Respondendo ao tweet de Essayli, a NRA postado em X: “Esses sentimentos do Primeiro Procurador Assistente dos EUA para o Distrito Central da Califórnia são perigosos e errados.”

A postagem continuava: “As vozes comunitárias responsáveis ​​deveriam esperar por uma investigação completa, não fazer generalizações e demonizar os cidadãos cumpridores da lei”.

Depois de receber reação negativa, Essayli acusou outras organizações de direitos de armas de “adicionar palavras para deturpar minha declaração”.

“Nunca disse que disparar contra um porta-aviões escondido e cumpridor da lei fosse legalmente justificado”, escreveu ele em X. “Os meus comentários foram dirigidos aos instigadores que abordam as autoridades com armas e se recusam a desarmá-los.

“Meu conselho é: se você valoriza sua vida, não se aproxime agressivamente dos policiais enquanto porta uma arma. Se eles perceberem razoavelmente uma ameaça e você não o desarmar imediatamente, eles estão legalmente autorizados a usar força letal.”
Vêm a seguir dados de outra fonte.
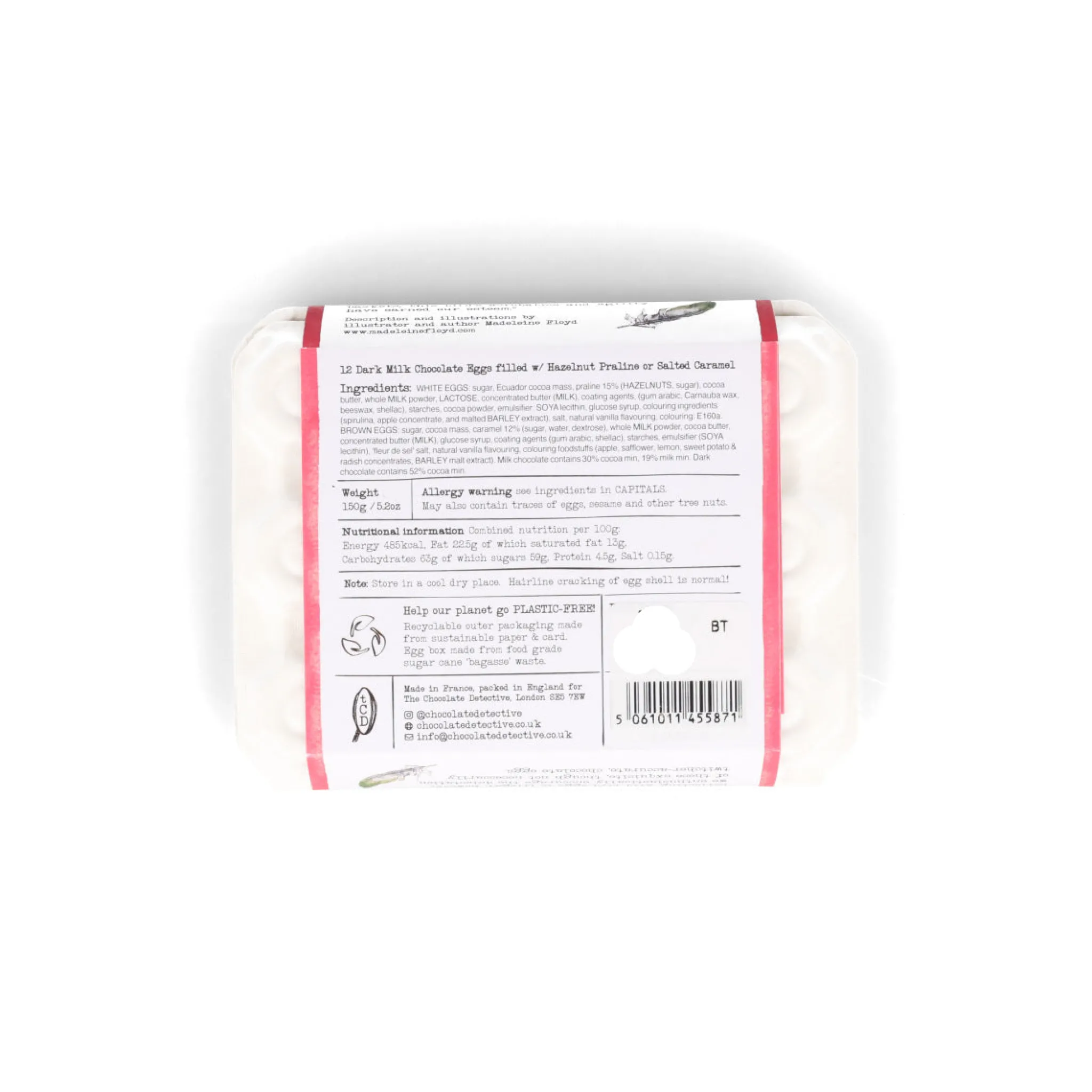 The eggs are made in France using bean-to-bar couverture. The ethically produced cocoa comes from a large farm in Ecuador.

Um porta-voz do Ministério Público dos EUA em Los Angeles encaminhou o The Times para a postagem de Essayli no X esclarecendo o que ele disse inicialmente. Ele se recusou a comentar mais.

O governador Gavin Newsom juntou-se às críticas, escrevendo em X: “Uau. Até a NRA acha que os asseclas do DOJ de Trump na Califórnia foram longe demais ao alegar que os agentes federais estavam ‘legalmente justificados’ em matar Alex Pretti.”
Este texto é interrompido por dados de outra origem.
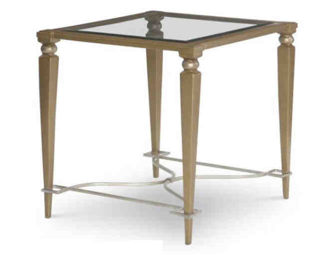 Square end table with inset glass and tapered interconnected legs, antique brass
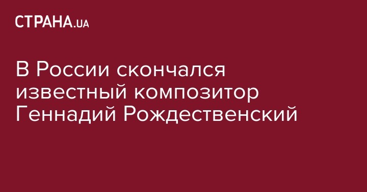 В России на 88-м году жизни скончался дирижер и пианист Геннадий Рождественский. Об этом передает "Интерфакс" со ссылкой на источник в больнице.

Anteriormente, o grupo de lobby da 2ª Emenda, Gun Owners of America, também criticou Essayli.

“Condenamos os comentários inapropriados de @USAttyEssayli. Não é ‘muito provável’ que agentes federais sejam ‘legalmente justificados’ para ‘atirar’ em um titular de licença de porte oculto que se aproxima enquanto carrega legalmente uma arma de fogo”, escreveu o grupo em

A postagem de Essayli recebeu uma nota da comunidade – uma verificação de fatos de crowdsourcing – afirmando que “A Constituição dos EUA (especificamente as 2ª, 4ª e 14ª emendas) proíbe os oficiais de atirar em cidadãos simplesmente por possuírem uma arma que não constitua uma “ameaça iminente”.

O tiroteio atraiu um grande número de manifestantes em uma cidade que tem visto manifestações generalizadas após o tiroteio fatal cometido por funcionários da Imigração e Alfândega contra Renee Nicole Good, de 37 anos, em 7 de janeiro.

Essayli, um ex-vereador do condado de Riverside, foi nomeado promotor federal interino do condado pelo US Atty. General Pam Bondi em abril passado.

Desde que assumiu o cargo, ele tem perseguido obstinadamente a agenda do presidente Trump, defendendo a aplicação da lei de imigração de linha dura no sul da Califórnia, e muitas vezes usando a linguagem do presidente literalmente em conferências de imprensa.